## [WHAT YOU NEED TO DO]
Write out the lines below once more, exactly as they appear. Do not include pictures.

## [GIVEN INFORMATION]
========================================================================
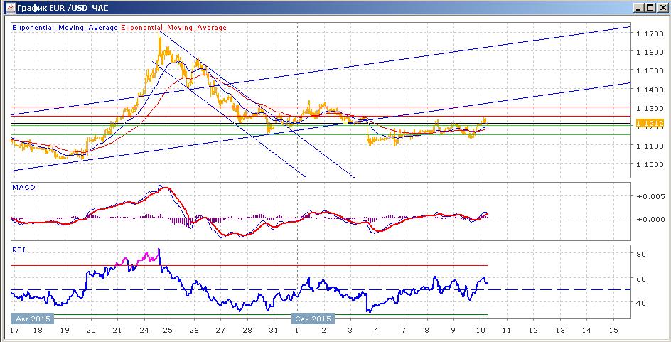 Пара продолжает медленный рост, начатый в конце прошлой недели. Во вторник пара закрылась с умеренным ростом, таки не сумев преодолеть сопротивление на 1.1200. вчера торги завершились почти без изменений, хотя пара и уходила в ходе торгов ниже 1.1150. пара закрылась немногим выше 1.1200. сейчас торги проходят на уровне открытия, хотя в начале торгов пара отметки 1.1248. Средние скользящие ЕМА55 и ЕМА21 пересеклись вверх и начали расти. Индикаторы MACD и RSI сегодня вышли выше своих центральных линий и растут. Сегодня цели вверх — 1.1250, 1.1300. Цели вниз на сегодня — 1.1200, 1.1150
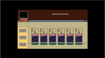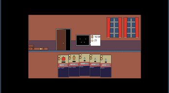 A roguelike deck builder. Feed your customers(robot things) by dragging cards towards them. Cards take money to play . If your money reaches zero you go bankrupt.
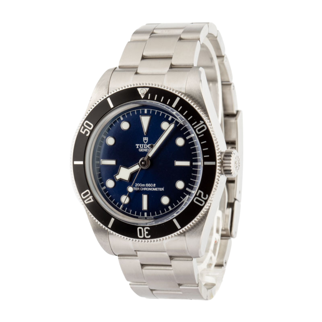 A Tudor Black Bay 68 Watch, Stainless Steel with a Black Bezel on a Blue Dial
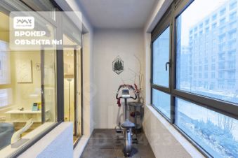 Просторная застекленная лоджия организована как зона для спорта и отдыха.
========================================================================
## [SOLUTION]
 Пара продолжает медленный рост, начатый в конце прошлой недели. Во вторник пара закрылась с умеренным ростом, таки не сумев преодолеть сопротивление на 1.1200. вчера торги завершились почти без изменений, хотя пара и уходила в ходе торгов ниже 1.1150. пара закрылась немногим выше 1.1200. сейчас торги проходят на уровне открытия, хотя в начале торгов пара отметки 1.1248. Средние скользящие ЕМА55 и ЕМА21 пересеклись вверх и начали расти. Индикаторы MACD и RSI сегодня вышли выше своих центральных линий и растут. Сегодня цели вверх — 1.1250, 1.1300. Цели вниз на сегодня — 1.1200, 1.1150
 A roguelike deck builder. Feed your customers(robot things) by dragging cards towards them. Cards take money to play . If your money reaches zero you go bankrupt.
 A Tudor Black Bay 68 Watch, Stainless Steel with a Black Bezel on a Blue Dial
 Просторная застекленная лоджия организована как зона для спорта и отдыха.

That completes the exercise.